Terry Rogers is executive director of the Georgia Athletic Coaches Association, which has more than 6,000 members who coach football and other sports and is the oldest association of its kind in the country. He also served at his alma mater, Union County High, as football coach and athletic director for 36 years.
Back in the day, it was more common to see a coach stay in one place. Today, we see coaches getting out of the profession a lot earlier. Coaches are changing careers or retiring. The economy, furloughs, loss of staff, no increase in pay (supplements) — all of those are factors.
This profession offers very little family time to the coach. In summer, coaches have the weight room open four days a week and hold passing leagues two nights a week, even before practice starts.
Expectations are greater now, and sometimes these are not realistic. A school will expect more out of a coach than what can be done. A coach gets in that situation and then he gets out.
Coaches also leave because they don’t have support from administrators. Coaching is a tough profession. A lot of parents have higher expectations of their children athletically than what the kids are capable of producing. The parents then blame the coach. There are a lot of opinions about the coach, and he needs to have strong backing from administrators.
Head coaches leave because they lose assistants. Say the assistant coach leaves, and the administration say they can’t afford to replace him. The team gets understaffed, and the head coach will leave for somewhere he can have a bigger staff.

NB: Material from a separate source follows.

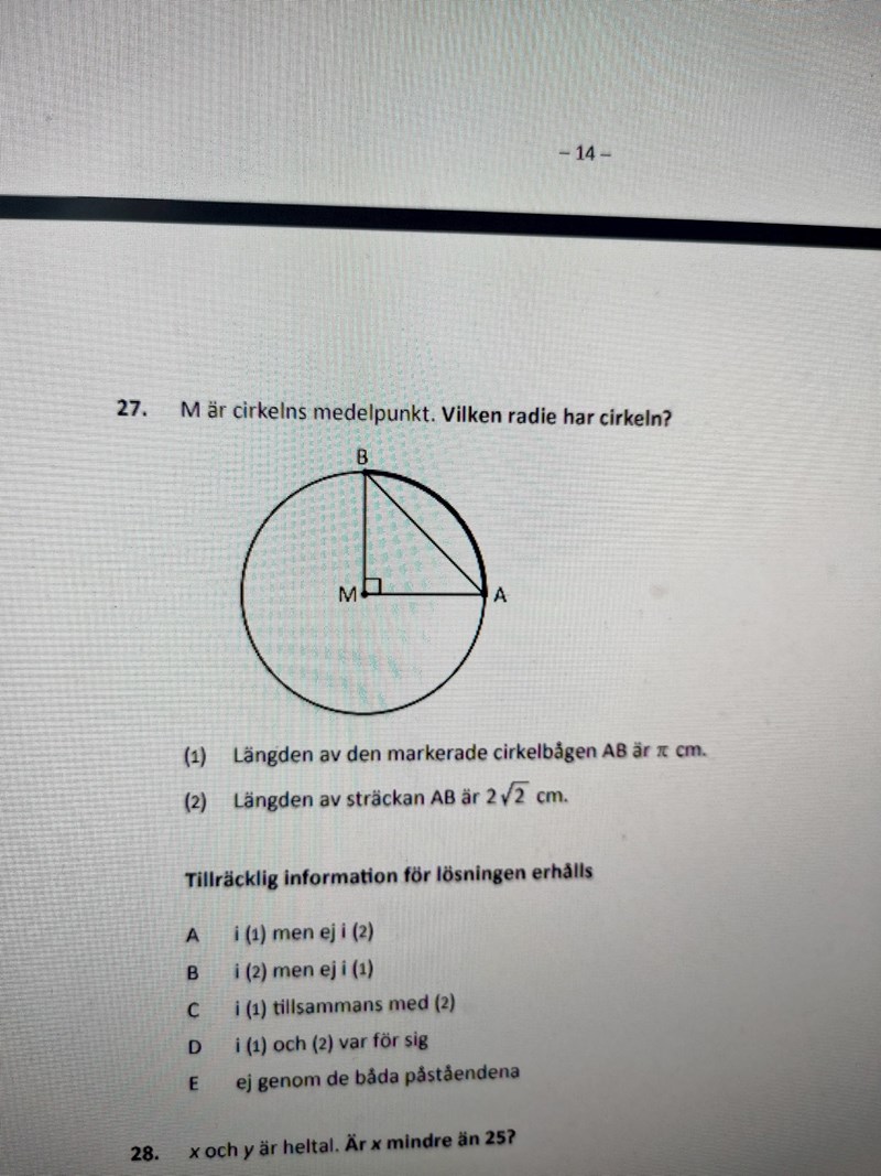 naytte skrev:Eftersom att det är lika långt mellan M och båda punkterna där triangeln rör cirkeln kan du ställa upp följande ekvation:

Sometimes you have a great coach, but it’s not a good fit with the community. A community has a personality, just like people do. We also lose high school coaches to college programs. They are in demand because they turn out so many great players, compared to other states. We are the No. 1 per-capita producer of college football players in the country.
Some coaches leave because they want a different location, either in or out of a metro area, in the mountains or the coast. The most common reason for that is to return home, to where they grew up.
Coaches will always move to chase that neon rainbow — the state championships. They move to where they feel they have a better chance of winning.
For coaches who may be thinking of leaving, I think you’re better off if you stay and try to survive. It is, however, much harder to do that today than 1971.